▶ _Your instructions_
Wherever an image appears in the data, omit it and copy all the remaining text word for word.

▶ _Data under study_
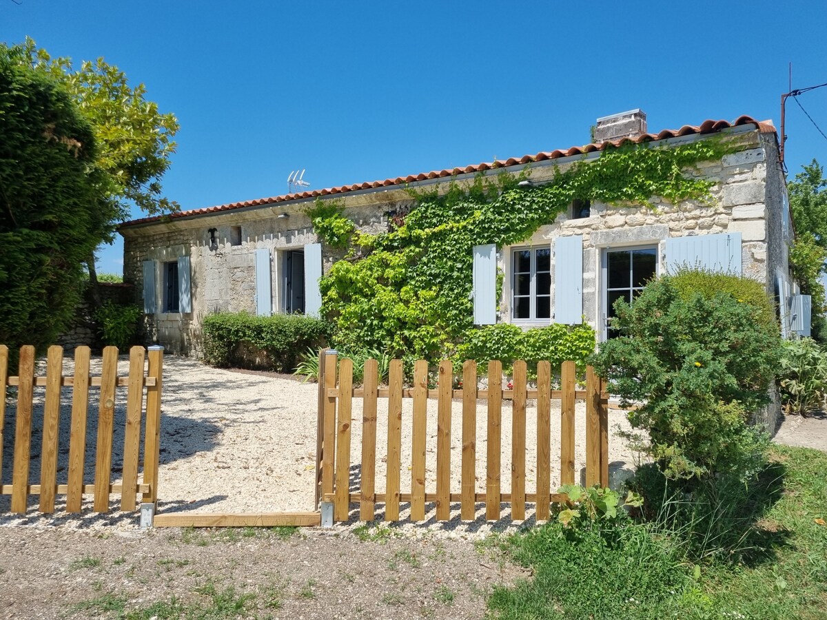 Unabhängige Unterkunft im Herzen der Weinberge, mit Einbauküche, Duschbad und Zugang zum Garten, Möglichkeit des Fahrradverleihs, um den Flow Velo zu erkunden, der vom Dorf aus entlang der Charente verläuft. Der Garten mit mehreren freilaufenden Hühnern ist ruhig und lädt zum Ausruhen und Entspannen ein. Für ein maximales Loslassen biete ich Saugmassagen aus aller Welt an. Die Unterkunft ist 1 km von der Charente und 5 km von den Geschäften und einem Strand entfernt (Chateauneuf)
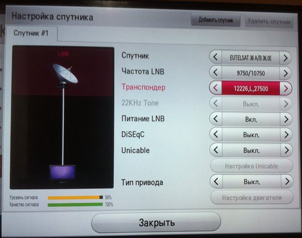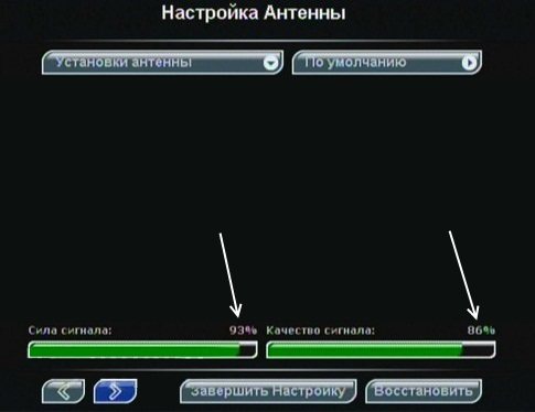 Для проверки уровня спутникового сигнала следует зайти в настройки ресивера:
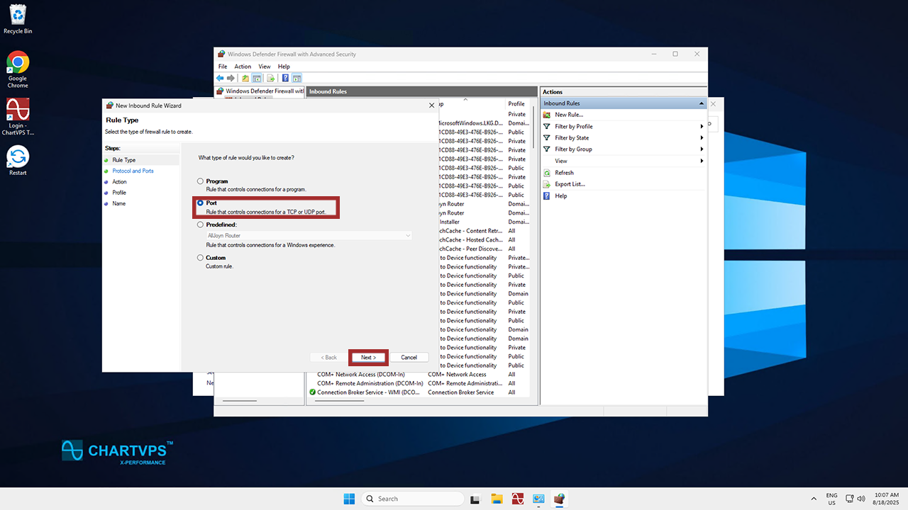 In the Rule Type section, you’ll want to select Port, then click Next.
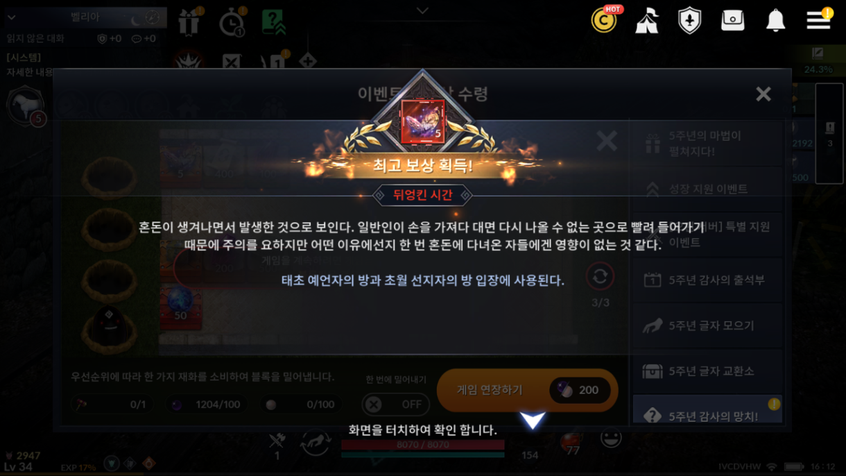 저도 열심히 플레이 하면서 5주년 이벤트 즐기고 있는데
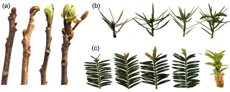 樹木在冬季來臨之前會提早做好越冬準備,進入生理休眠狀態(endodormancy)。在此階段,樹木生長受內部生理因素限制,即使處于適宜生長的環境,也不會萌芽。而后,樹木必須經歷冬季低溫累積,才能逐漸打破生理休眠,進入生態休眠狀態(encodormancy),此時樹木只要經歷一定高溫累積,就能啟動萌芽。因此,生理休眠和生態休眠是物候建模的兩個基本過程。長期以來,大部分過程物候模型都是基于北方溫帶樹種的物候特征,而忽略了不同地域樹種的生理差異,導致模型預測真實性難以判斷。
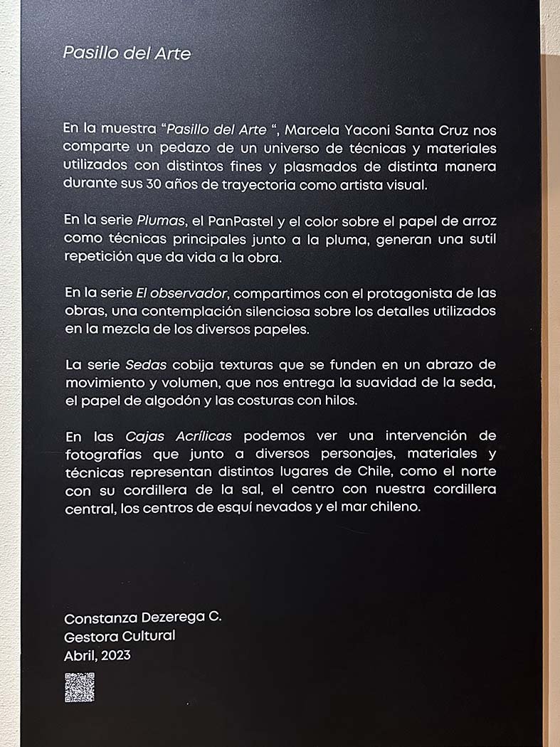En la muestra “Pasillo del Arte “, Marcela Yaconi Santa Cruz nos comparte un pedazo de un universo de técnicas y materiales utilizados con distintos fines y plasmados de distinta manera durante sus 30 años de trayectoria como artista visual.

▶ _Task output_
 Unabhängige Unterkunft im Herzen der Weinberge, mit Einbauküche, Duschbad und Zugang zum Garten, Möglichkeit des Fahrradverleihs, um den Flow Velo zu erkunden, der vom Dorf aus entlang der Charente verläuft. Der Garten mit mehreren freilaufenden Hühnern ist ruhig und lädt zum Ausruhen und Entspannen ein. Für ein maximales Loslassen biete ich Saugmassagen aus aller Welt an. Die Unterkunft ist 1 km von der Charente und 5 km von den Geschäften und einem Strand entfernt (Chateauneuf)
 Для проверки уровня спутникового сигнала следует зайти в настройки ресивера:
 In the Rule Type section, you’ll want to select Port, then click Next.
 저도 열심히 플레이 하면서 5주년 이벤트 즐기고 있는데
 樹木在冬季來臨之前會提早做好越冬準備,進入生理休眠狀態(endodormancy)。在此階段,樹木生長受內部生理因素限制,即使處于適宜生長的環境,也不會萌芽。而后,樹木必須經歷冬季低溫累積,才能逐漸打破生理休眠,進入生態休眠狀態(encodormancy),此時樹木只要經歷一定高溫累積,就能啟動萌芽。因此,生理休眠和生態休眠是物候建模的兩個基本過程。長期以來,大部分過程物候模型都是基于北方溫帶樹種的物候特征,而忽略了不同地域樹種的生理差異,導致模型預測真實性難以判斷。
En la muestra “Pasillo del Arte “, Marcela Yaconi Santa Cruz nos comparte un pedazo de un universo de técnicas y materiales utilizados con distintos fines y plasmados de distinta manera durante sus 30 años de trayectoria como artista visual.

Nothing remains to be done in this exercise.